Recorded data:
════════════════════
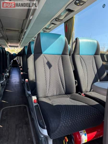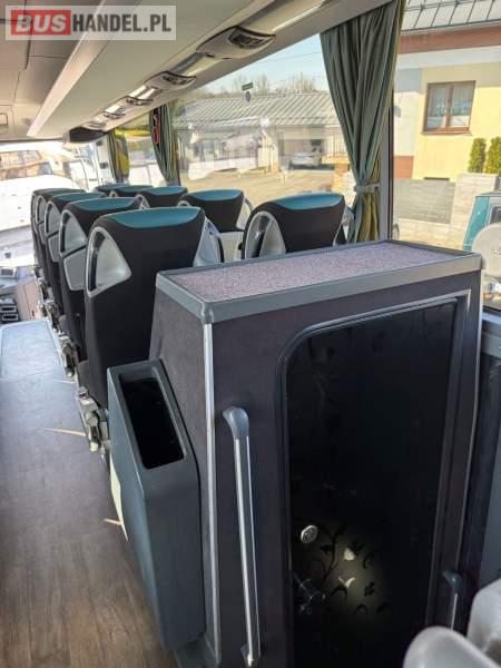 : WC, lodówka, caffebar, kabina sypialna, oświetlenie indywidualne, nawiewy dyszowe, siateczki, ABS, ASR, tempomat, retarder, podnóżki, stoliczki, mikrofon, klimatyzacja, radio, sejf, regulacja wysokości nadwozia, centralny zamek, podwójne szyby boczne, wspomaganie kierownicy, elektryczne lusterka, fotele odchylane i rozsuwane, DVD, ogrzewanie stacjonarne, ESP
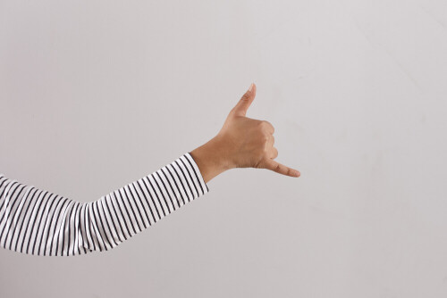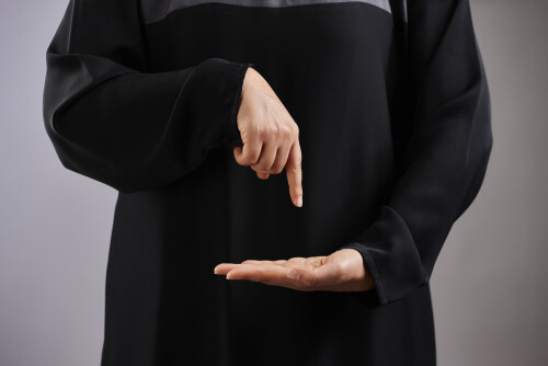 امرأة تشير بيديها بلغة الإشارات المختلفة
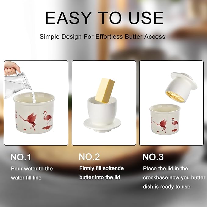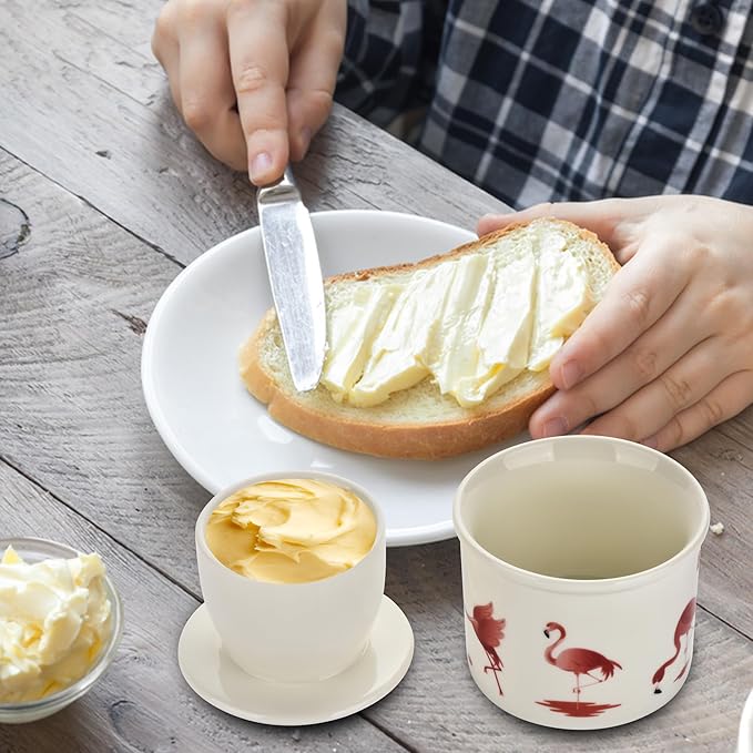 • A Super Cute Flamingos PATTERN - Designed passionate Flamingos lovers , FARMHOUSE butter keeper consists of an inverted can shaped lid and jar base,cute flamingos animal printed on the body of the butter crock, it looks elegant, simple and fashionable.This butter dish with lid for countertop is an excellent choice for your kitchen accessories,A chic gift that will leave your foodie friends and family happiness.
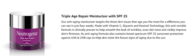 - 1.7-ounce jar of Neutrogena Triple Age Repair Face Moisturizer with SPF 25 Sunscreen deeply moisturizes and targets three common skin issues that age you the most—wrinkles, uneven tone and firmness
════════════════════
What the task requires:
Once the pictures are set aside, give every line above again without alteration.

Written answer:
 : WC, lodówka, caffebar, kabina sypialna, oświetlenie indywidualne, nawiewy dyszowe, siateczki, ABS, ASR, tempomat, retarder, podnóżki, stoliczki, mikrofon, klimatyzacja, radio, sejf, regulacja wysokości nadwozia, centralny zamek, podwójne szyby boczne, wspomaganie kierownicy, elektryczne lusterka, fotele odchylane i rozsuwane, DVD, ogrzewanie stacjonarne, ESP
 امرأة تشير بيديها بلغة الإشارات المختلفة
 • A Super Cute Flamingos PATTERN - Designed passionate Flamingos lovers , FARMHOUSE butter keeper consists of an inverted can shaped lid and jar base,cute flamingos animal printed on the body of the butter crock, it looks elegant, simple and fashionable.This butter dish with lid for countertop is an excellent choice for your kitchen accessories,A chic gift that will leave your foodie friends and family happiness.
 - 1.7-ounce jar of Neutrogena Triple Age Repair Face Moisturizer with SPF 25 Sunscreen deeply moisturizes and targets three common skin issues that age you the most—wrinkles, uneven tone and firmness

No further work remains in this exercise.